[Extracted records]
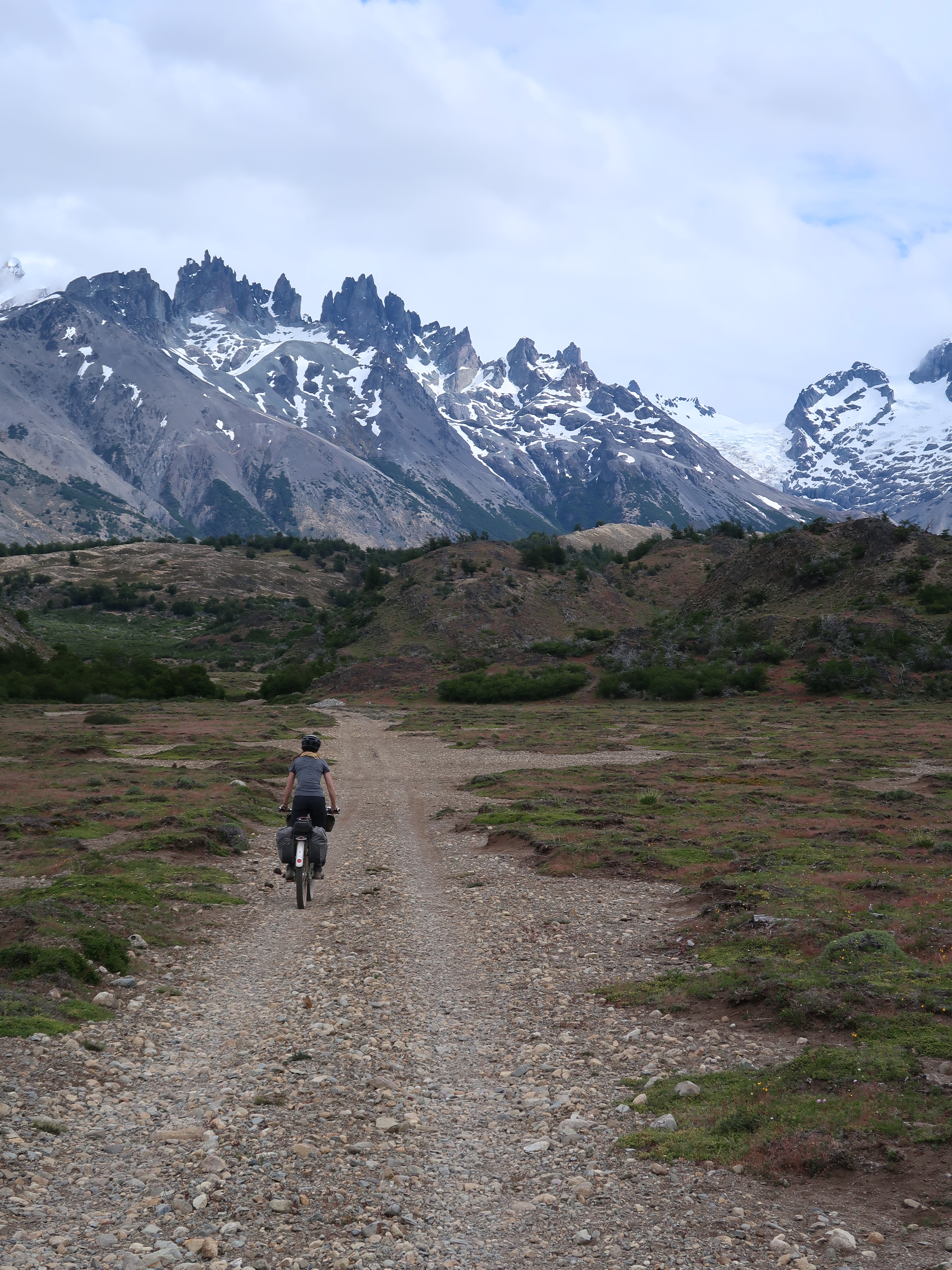 After a few hours of broken sleep in the noisy, grotty hostel we set off, blurry eyed and with foggy heads towards the boat dock. It was raining. There was a really strong headwind. It was uphill. The ‘gravel road’ was more like an off-road 4×4 track. It was just after 5:30am. I felt like I was racing the clock. It was like some tortuous endurance bike race where the only prize was getting on the boat we had paid £50 each for. I was not a happy bunny!! I was questioning my life choices. I was hugely cursing our decision to get on this flippin boat – surely there was a boat next week we could have got instead!? and surely we could have found some more cash somewhere!?! But after three hours of head down pedalling, tired tears merging with the rain on my face, battling the weather and fighting my own internal voice as I sweated away inside my waterproofs feeling like boil-in-the-bag rice – we made it. Even had time to spare (after all that!) so after a cup of tea and my favourite pick-me-up snack of apple and peanut butter, all was right with the world again! It was a shame our time in El Chalten was probably less than 12 hours in total, but in the end it was the right decision for us, as it meant we’ve been able to enjoy rest days in other places – and not in the grotty hostel!
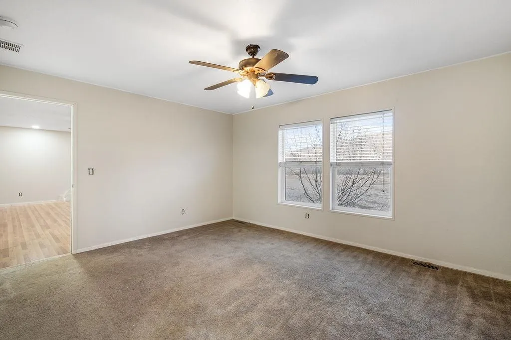 This charming 3-bedroom, 2-bath home sits on nearly an acre of land and just minutes from the center of Questa. With 1,700 square feet of open-concept living space, there’s room for everyone to spread out, relax, and enjoy. The split-bedroom floor plan offers privacy, while the generous kitchen and living area make it perfect for family time or entertaining guests. Step out onto the front deck and take in the mountain views and the peaceful surroundings. Whether you’re starting a family, upsizing, or simply looking for a quiet place to call home, this one offers the perfect blend of comfort, space, and small-town charm. Water rights and mature trees. Don’t miss this incredible opportunity to own your family home in beautiful northern New Mexico!
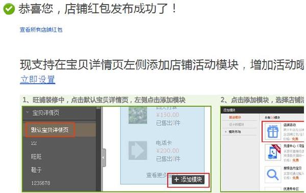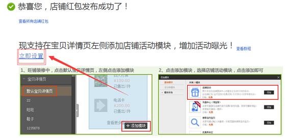 十七、但我們還要把這個(gè)活動(dòng)放進(jìn)我們的詳情頁里面,讓每個(gè)客戶能夠看到我們的“收藏店鋪送紅包”并且去領(lǐng)取它,當(dāng)然要怎么放呢?在哪里放呢?看到“立即設(shè)置”按鈕,點(diǎn)擊。
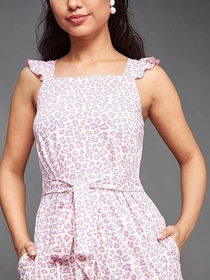 • Style: Waist Tie-Up | Pattern: Animal | Fit: Relaxed Fit | Length: Regular | Closure: Zip | Neck: Square Neck | Sleeves: Sleeveless | Pockets: Yes, 2 Side Pockets
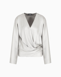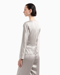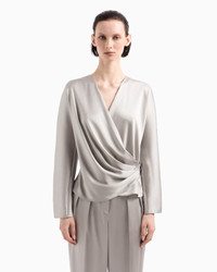 Long-sleeved shirt made from double silk satin, featuring a draped V neck. The style features a side closure with concealed buttons, elegantly accentuating the waist. A versatile style, available in the collection’s colour palette, perfect for various looks. V neck Front draping Long sleeves Side closure with concealed small press studs Unlined Made in Italy Product Code: GW000843TE10101U8045

Required work: Copy the records exactly, leaving out every picture.

Response to the exercise:
 After a few hours of broken sleep in the noisy, grotty hostel we set off, blurry eyed and with foggy heads towards the boat dock. It was raining. There was a really strong headwind. It was uphill. The ‘gravel road’ was more like an off-road 4×4 track. It was just after 5:30am. I felt like I was racing the clock. It was like some tortuous endurance bike race where the only prize was getting on the boat we had paid £50 each for. I was not a happy bunny!! I was questioning my life choices. I was hugely cursing our decision to get on this flippin boat – surely there was a boat next week we could have got instead!? and surely we could have found some more cash somewhere!?! But after three hours of head down pedalling, tired tears merging with the rain on my face, battling the weather and fighting my own internal voice as I sweated away inside my waterproofs feeling like boil-in-the-bag rice – we made it. Even had time to spare (after all that!) so after a cup of tea and my favourite pick-me-up snack of apple and peanut butter, all was right with the world again! It was a shame our time in El Chalten was probably less than 12 hours in total, but in the end it was the right decision for us, as it meant we’ve been able to enjoy rest days in other places – and not in the grotty hostel!
 This charming 3-bedroom, 2-bath home sits on nearly an acre of land and just minutes from the center of Questa. With 1,700 square feet of open-concept living space, there’s room for everyone to spread out, relax, and enjoy. The split-bedroom floor plan offers privacy, while the generous kitchen and living area make it perfect for family time or entertaining guests. Step out onto the front deck and take in the mountain views and the peaceful surroundings. Whether you’re starting a family, upsizing, or simply looking for a quiet place to call home, this one offers the perfect blend of comfort, space, and small-town charm. Water rights and mature trees. Don’t miss this incredible opportunity to own your family home in beautiful northern New Mexico!
 十七、但我們還要把這個(gè)活動(dòng)放進(jìn)我們的詳情頁里面,讓每個(gè)客戶能夠看到我們的“收藏店鋪送紅包”并且去領(lǐng)取它,當(dāng)然要怎么放呢?在哪里放呢?看到“立即設(shè)置”按鈕,點(diǎn)擊。
 • Style: Waist Tie-Up | Pattern: Animal | Fit: Relaxed Fit | Length: Regular | Closure: Zip | Neck: Square Neck | Sleeves: Sleeveless | Pockets: Yes, 2 Side Pockets
 Long-sleeved shirt made from double silk satin, featuring a draped V neck. The style features a side closure with concealed buttons, elegantly accentuating the waist. A versatile style, available in the collection’s colour palette, perfect for various looks. V neck Front draping Long sleeves Side closure with concealed small press studs Unlined Made in Italy Product Code: GW000843TE10101U8045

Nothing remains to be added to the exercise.